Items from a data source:
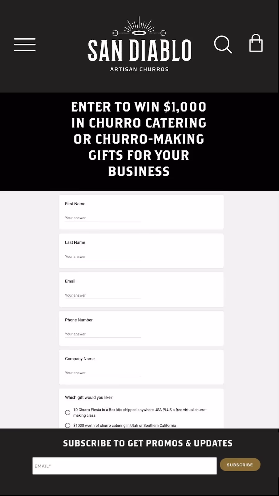 Company Name: By requesting respondents to provide their company name, San Diablo Churros gained insights into the professional backgrounds of their audience, which proved invaluable for tailoring their message.
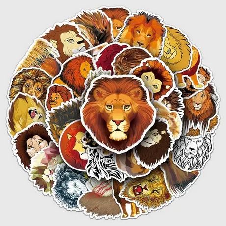 Samolepky s majestátným králem zvířat - se lvem. Set samolepek lev obsahuje 50 samolepek různých lvů - převážně hlav lva. Vhodné pro všechny milovníky exotických zvířat, nebo lidi narozené ve znamení lva.
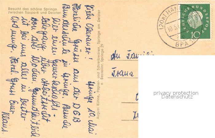 73673591 alte Postkarte Springe Deister Landheim der Tellkampschule Jugendherberge Lange Strasse mit Ratskeller Heimatvolkshochschule Kreiskrankenhaus Forsthaus Koellnischfeld Landratsamt postalisch gelaufen Erhaltung siehe scans [WerneD78] KatCode: 11110003241017
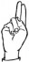 На ћирилици написано ЛАНА ПЛАНИНЧЕВИЋ састоји се из 15 слова [?]. Исписано ћириличном једноручном азбуком за глувонеме:
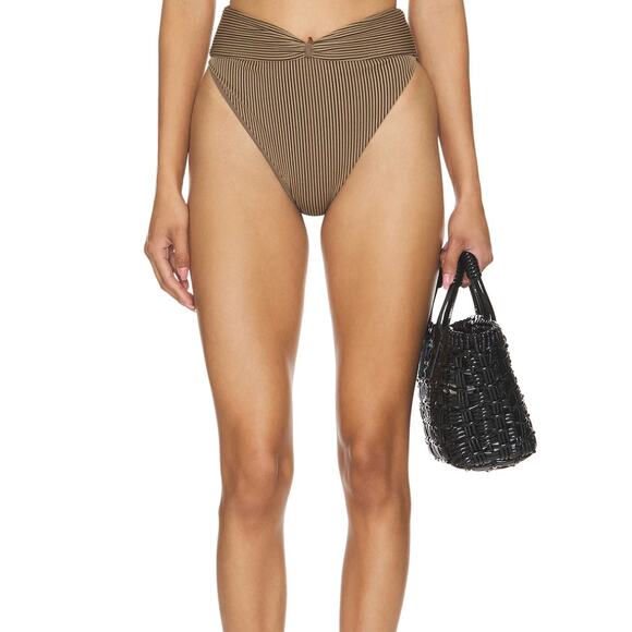 Tularosa Brown High Waist Bikini Bottom LARGE Ribbed Cheeky Lexi Revolve $88
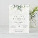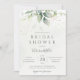 Belle invitation de mariage avec eucalyptus aquarelle et feuilles dorées.
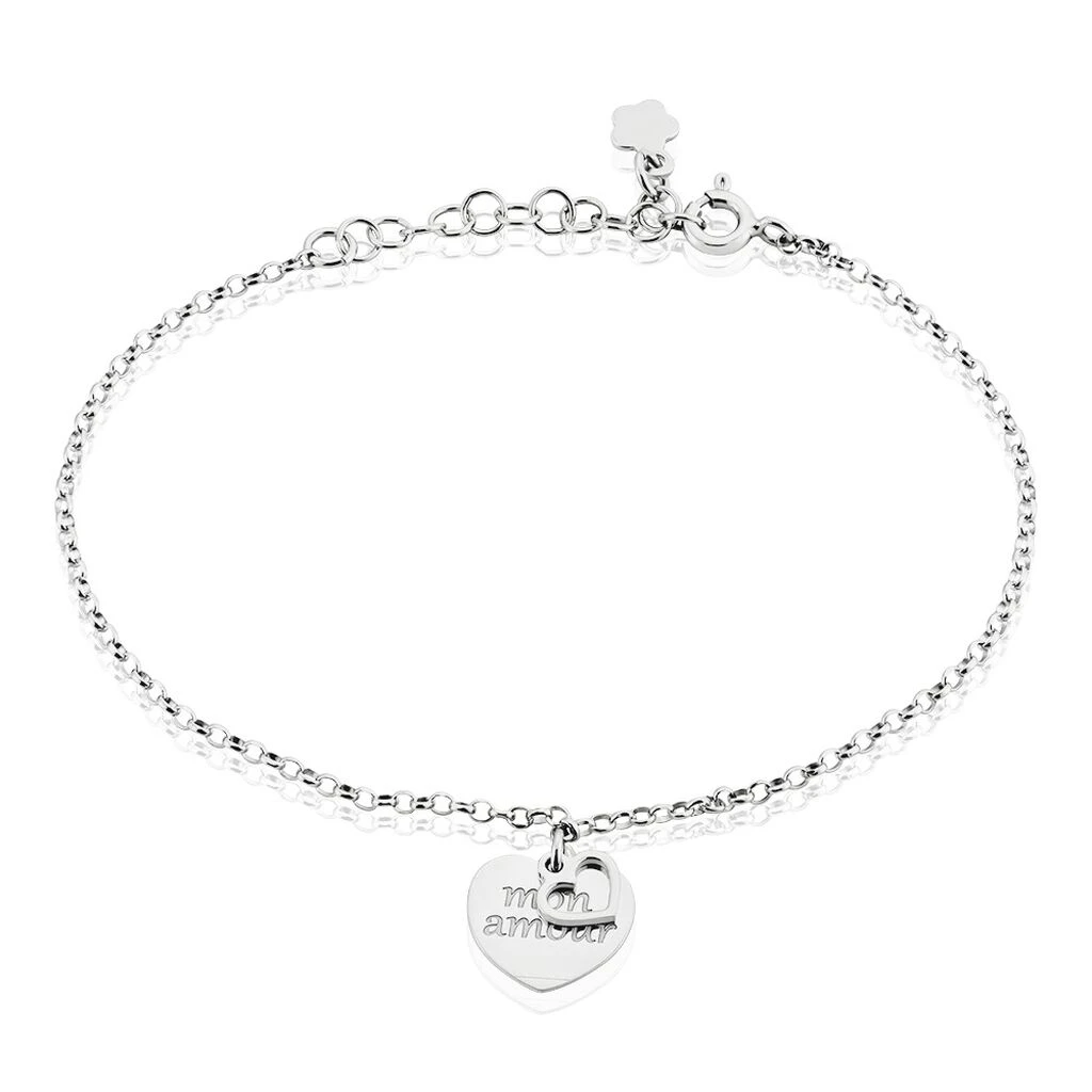 Bracelet Argent Blanc 925/1000 Double Cœurs Message Mon Amour Maille Jaseron 19cm
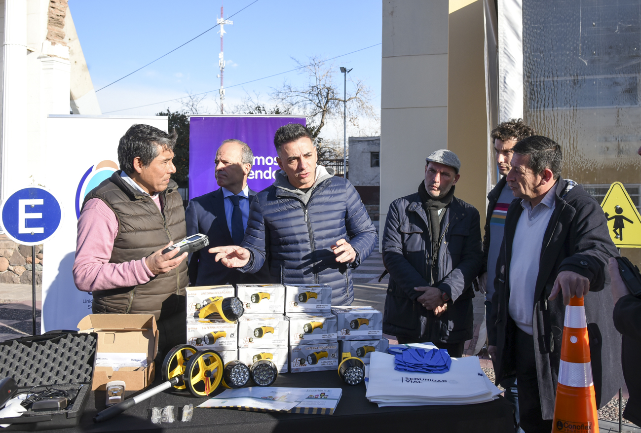 Además, la Unidad Ejecutiva de Seguridad Vial entregó a la Municipalidad de Guaymallén 50 conos, 20 linternas y cinco balizas con baterías recargables para operativos viales nocturnos y un odómetro (aparato con rueditas que se usa para hacer mediciones en el pavimento, como el tamaño de las marcas de frenadas que resultan determinantes en el cálculo de la velocidad a la que venía un vehículo).
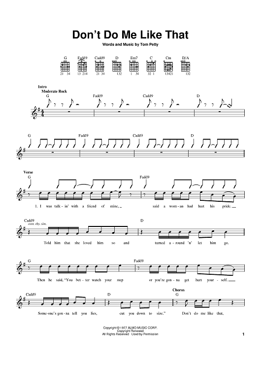 Digital Sheet Music for Don't Do Me Like That by Tom Petty scored for Lead Sheet with Guitar Grids; id:394773
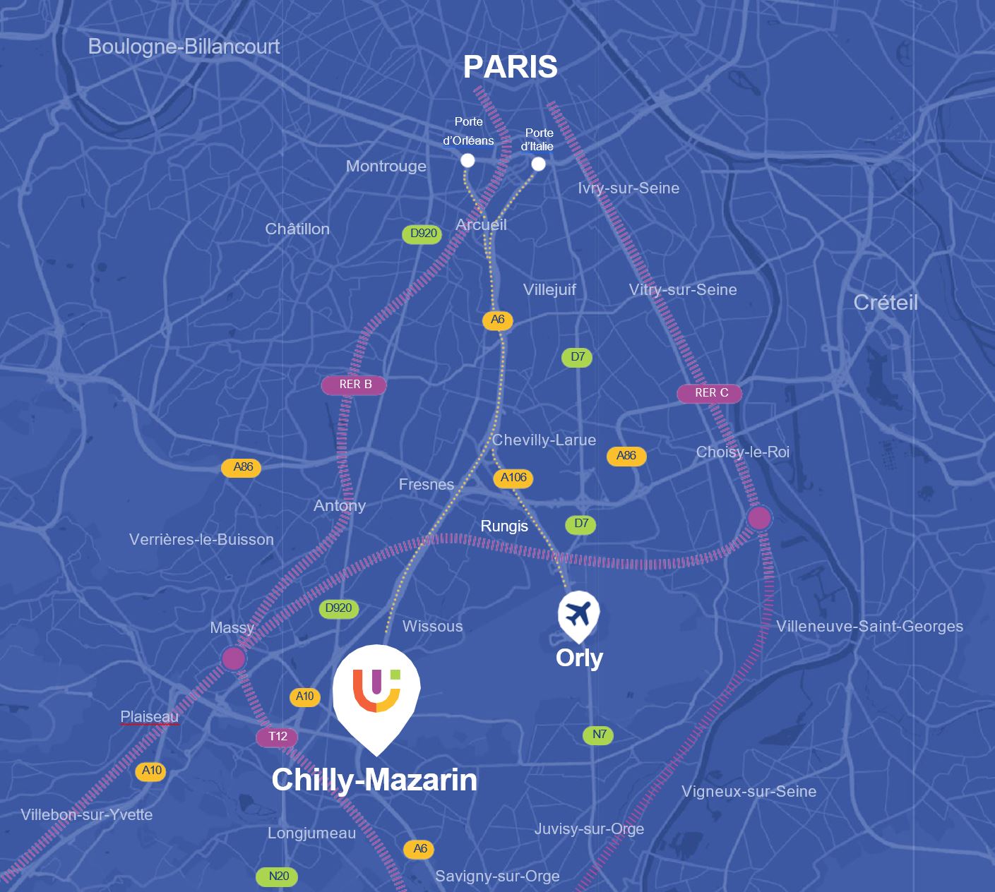 Située à 17 km du centre de Paris, Chilly Mazarin bénéficie d'une situation géographique avantageuse avec un accès facile aux grands axes de communication et à l'aéroport d'Orly.
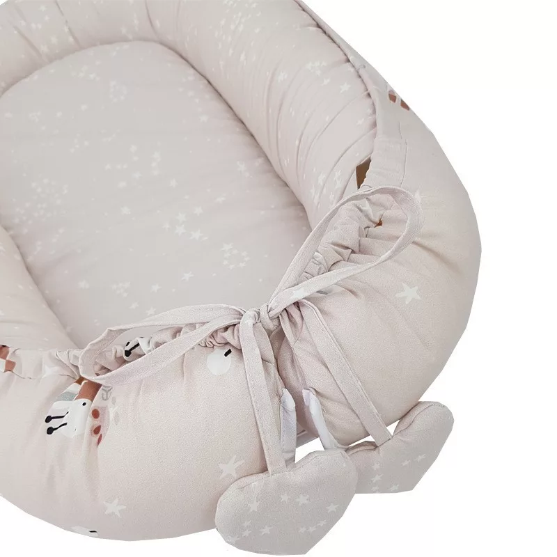 Egy biztonságos, puha kis kuckó, ahol a babád nyugodtan pihenhet – bárhol. Az EKO kétoldalas babafészek praktikus és stílusos választás: egyik oldalon vidám méhecskés, másikon bájos csillagos minta, így hangulattól vagy enteriőrtől függően bármikor megfordíthatod.
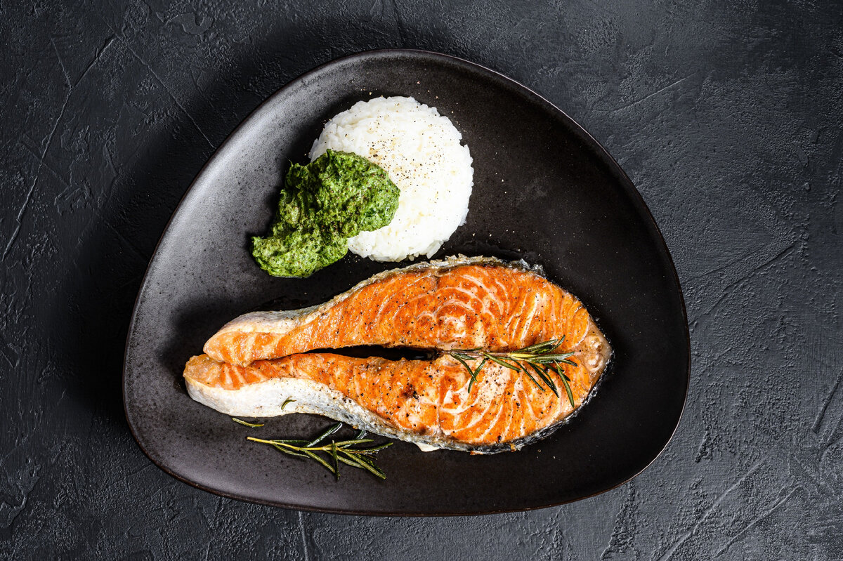 Поджаристый лосось с грибным рисом и лимонно-шалфейным соусом

> [Required work] Output the entries above exactly. Do not include the pictures.

> [Result of the task]
 Company Name: By requesting respondents to provide their company name, San Diablo Churros gained insights into the professional backgrounds of their audience, which proved invaluable for tailoring their message.
 Samolepky s majestátným králem zvířat - se lvem. Set samolepek lev obsahuje 50 samolepek různých lvů - převážně hlav lva. Vhodné pro všechny milovníky exotických zvířat, nebo lidi narozené ve znamení lva.
 73673591 alte Postkarte Springe Deister Landheim der Tellkampschule Jugendherberge Lange Strasse mit Ratskeller Heimatvolkshochschule Kreiskrankenhaus Forsthaus Koellnischfeld Landratsamt postalisch gelaufen Erhaltung siehe scans [WerneD78] KatCode: 11110003241017
 На ћирилици написано ЛАНА ПЛАНИНЧЕВИЋ састоји се из 15 слова [?]. Исписано ћириличном једноручном азбуком за глувонеме:
 Tularosa Brown High Waist Bikini Bottom LARGE Ribbed Cheeky Lexi Revolve $88
 Belle invitation de mariage avec eucalyptus aquarelle et feuilles dorées.
 Bracelet Argent Blanc 925/1000 Double Cœurs Message Mon Amour Maille Jaseron 19cm
 Además, la Unidad Ejecutiva de Seguridad Vial entregó a la Municipalidad de Guaymallén 50 conos, 20 linternas y cinco balizas con baterías recargables para operativos viales nocturnos y un odómetro (aparato con rueditas que se usa para hacer mediciones en el pavimento, como el tamaño de las marcas de frenadas que resultan determinantes en el cálculo de la velocidad a la que venía un vehículo).
 Digital Sheet Music for Don't Do Me Like That by Tom Petty scored for Lead Sheet with Guitar Grids; id:394773
 Située à 17 km du centre de Paris, Chilly Mazarin bénéficie d'une situation géographique avantageuse avec un accès facile aux grands axes de communication et à l'aéroport d'Orly.
 Egy biztonságos, puha kis kuckó, ahol a babád nyugodtan pihenhet – bárhol. Az EKO kétoldalas babafészek praktikus és stílusos választás: egyik oldalon vidám méhecskés, másikon bájos csillagos minta, így hangulattól vagy enteriőrtől függően bármikor megfordíthatod.
 Поджаристый лосось с грибным рисом и лимонно-шалфейным соусом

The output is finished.